----- DATA FOR THE TASK
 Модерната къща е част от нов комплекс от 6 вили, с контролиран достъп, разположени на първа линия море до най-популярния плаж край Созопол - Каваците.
----------
----- DATA FOR THE TASK
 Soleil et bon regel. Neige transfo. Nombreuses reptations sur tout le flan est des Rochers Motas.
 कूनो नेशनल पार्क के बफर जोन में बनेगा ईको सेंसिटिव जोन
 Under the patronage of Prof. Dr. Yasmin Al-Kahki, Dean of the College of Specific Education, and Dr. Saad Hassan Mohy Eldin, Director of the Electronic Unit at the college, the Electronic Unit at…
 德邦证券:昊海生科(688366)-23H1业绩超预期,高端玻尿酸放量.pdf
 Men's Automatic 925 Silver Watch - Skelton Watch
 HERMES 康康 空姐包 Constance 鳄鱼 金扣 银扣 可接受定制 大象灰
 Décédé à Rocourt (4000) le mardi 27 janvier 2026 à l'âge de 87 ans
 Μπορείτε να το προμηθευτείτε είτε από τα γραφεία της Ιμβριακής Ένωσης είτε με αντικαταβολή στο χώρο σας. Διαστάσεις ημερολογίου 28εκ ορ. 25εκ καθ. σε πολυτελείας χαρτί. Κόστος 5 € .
----------
----- DATA FOR THE TASK
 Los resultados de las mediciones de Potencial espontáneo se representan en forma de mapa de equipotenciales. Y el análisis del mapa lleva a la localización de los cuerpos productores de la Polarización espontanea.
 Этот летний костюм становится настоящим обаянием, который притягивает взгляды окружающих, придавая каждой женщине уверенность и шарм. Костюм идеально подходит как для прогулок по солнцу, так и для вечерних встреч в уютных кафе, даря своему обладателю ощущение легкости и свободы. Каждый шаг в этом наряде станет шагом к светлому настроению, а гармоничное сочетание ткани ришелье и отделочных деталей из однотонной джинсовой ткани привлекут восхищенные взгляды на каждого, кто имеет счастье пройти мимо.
----------
WHAT YOU WILL DO - Output the lines above exactly, but only those between the line holding "Under the patronage" and the line holding "HERMES 康康 空姐包 Constance 鳄鱼 金扣 银扣 可接受定制 大象灰", inclusive.

RESPONSE TO THIS EXERCISE -
 Under the patronage of Prof. Dr. Yasmin Al-Kahki, Dean of the College of Specific Education, and Dr. Saad Hassan Mohy Eldin, Director of the Electronic Unit at the college, the Electronic Unit at…
 德邦证券:昊海生科(688366)-23H1业绩超预期,高端玻尿酸放量.pdf
 Men's Automatic 925 Silver Watch - Skelton Watch
 HERMES 康康 空姐包 Constance 鳄鱼 金扣 银扣 可接受定制 大象灰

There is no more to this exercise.